A group within a contractor at INL, has achieved a new record by working more than a dozen years without a recordable injury or first-aid incident.
Office of Environmental Management
January 15, 2019![Fluor Idaho employees hold up their DOE Voluntary Protection Program flag.](/sites/default/files/styles/full_article_width/public/2019/01/f58/Photo%201%20-%20FLUOR_VPPFLAGRAISING_OCT2018%20Small_700%20pixels_cropped.jpg?itok=9j3F2cfl)
IDAHO FALLS, Idaho – A group within Fluor Idaho, EM’s cleanup contractor at the Idaho National Laboratory (INL) Site, has achieved a new record by working more than a dozen years without a recordable injury or first-aid incident.
The Environmental Restoration (ER) program, which at times has consisted of as many as 100 employees, makes safety crucial to daily work. Some of the current staff of 20 employees participate in a stretch routine before work at Fluor Idaho’s Idaho Falls office building to prevent repetitive strain injury, common in office environments.
ER program personnel also conduct safety briefings to identify and mitigate hazards before working outdoors at the 890-square-mile INL Site. Such work activities include surveillance walk-downs on the desert terrain, collecting water samples from aquifer monitoring wells — some of which are more than 1,000 feet deep — and maintaining previously completed cleanup sites. In addition, summer brings the risk of bee stings, rattlesnakes, and heat stress.
“ER program employees are like a family,” Fluor Idaho Director Marc Jewett said. “They look out for each other and employ the buddy system whenever necessary to protect their colleagues.”
Fluor Idaho Field Team Leader Danny Smith said pre- and post-job briefings are key to the ER program’s safety success.

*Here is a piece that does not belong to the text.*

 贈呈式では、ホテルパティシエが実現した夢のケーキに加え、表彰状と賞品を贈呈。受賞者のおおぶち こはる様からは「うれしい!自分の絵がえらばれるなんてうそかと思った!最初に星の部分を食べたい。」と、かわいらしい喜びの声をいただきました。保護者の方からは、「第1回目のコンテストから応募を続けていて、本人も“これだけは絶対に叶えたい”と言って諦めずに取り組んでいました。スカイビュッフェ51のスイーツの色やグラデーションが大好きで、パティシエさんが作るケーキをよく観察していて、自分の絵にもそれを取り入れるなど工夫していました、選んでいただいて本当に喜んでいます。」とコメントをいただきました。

“Following our pre-job briefings, everyone involved with our field work knows what their responsibilities are,” he said. “At our post-job briefings, which are completed after each field event, we sit down and discuss what went right and how can we improve, and we document it.”

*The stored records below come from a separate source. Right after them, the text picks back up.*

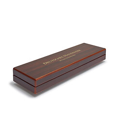 Ecrin façon acajou pour classer les 5 pièces allemandes de 50 euros d’or de la série «Deutsches Handwerk» 2023 – 2027 en capsules d’origine. Fond avec 5 cases dans une feutrine rouge. Impression du thème spécifique sur le couvercle et à l’intérieur. L’intérieur du couvercle est tapissé de satin rouge. Avec un ruban pour maintenir un certificat. Système de fermeture discret par aimants.
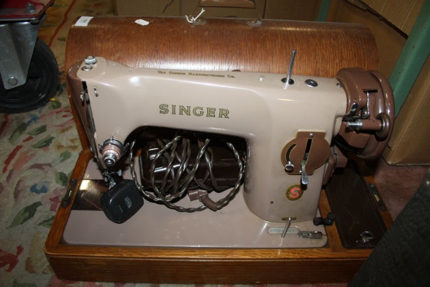 A VINTAGE CASED SINGER SEWING MACHINE
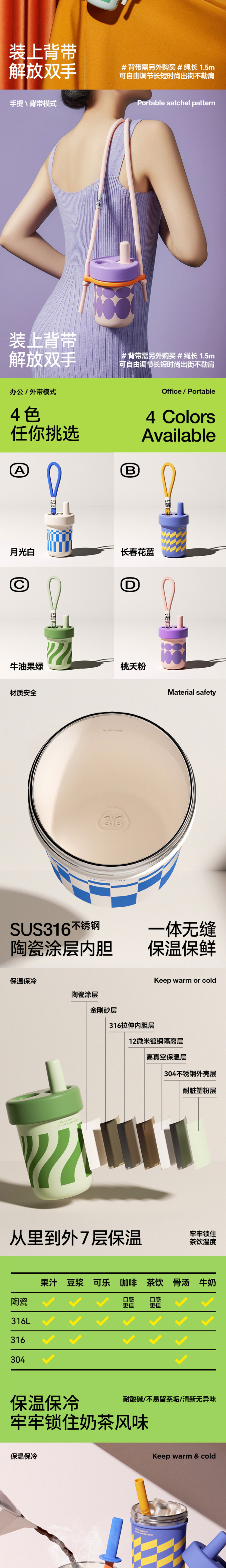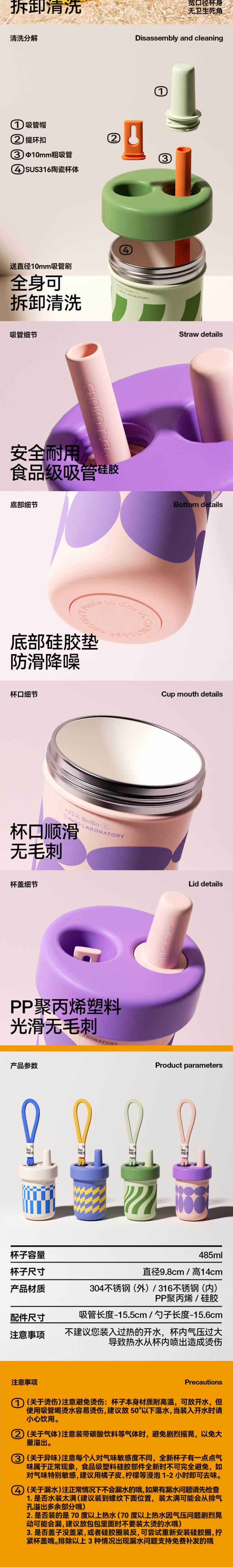 • chakolab隨行吸管杯保溫杯陶瓷內(nèi)膽不銹鋼大容量便攜水杯子bobo杯

![The National Safety Council recognized Fluor Idaho employees for working 1 million hours without occupational injury or illness involving days away from work.](/sites/default/files/styles/full_article_width/public/2019/01/f58/Photo%202%20-%20FLUOR_VPPFLAGRAISING_OCT2018%2078_Plaquecropped_700%20pixels.jpg?itok=7oojZW_N)
In a related development, DOE’s Voluntary Protection Program (VPP) honored Fluor Idaho with its distinguished Superior Star Award and recognized the contractor for surpassing 1 million safe work hours during a nearly four-month period in 2018. Recipients of the award have a recordable incident injury rate that is at least 50 percent better than the industry average.
Fluor Idaho President Fred Hughes said he has been working with Jewett to apply some ER program safety initiatives to the entire company.
“They are obviously doing things right,” Hughes said. “We, as a company, can learn from their successes, and we won’t be satisfied until we lead DOE in safe and compliant operations.”
VPP began in 1994 to promote improved safety and health performance through publicly recognizing outstanding programs. Since that time, DOE has seen improved labor and management relations, reduced workplace injuries and illnesses, increased employee involvement, improved morale, and reduced absenteeism at participating sites.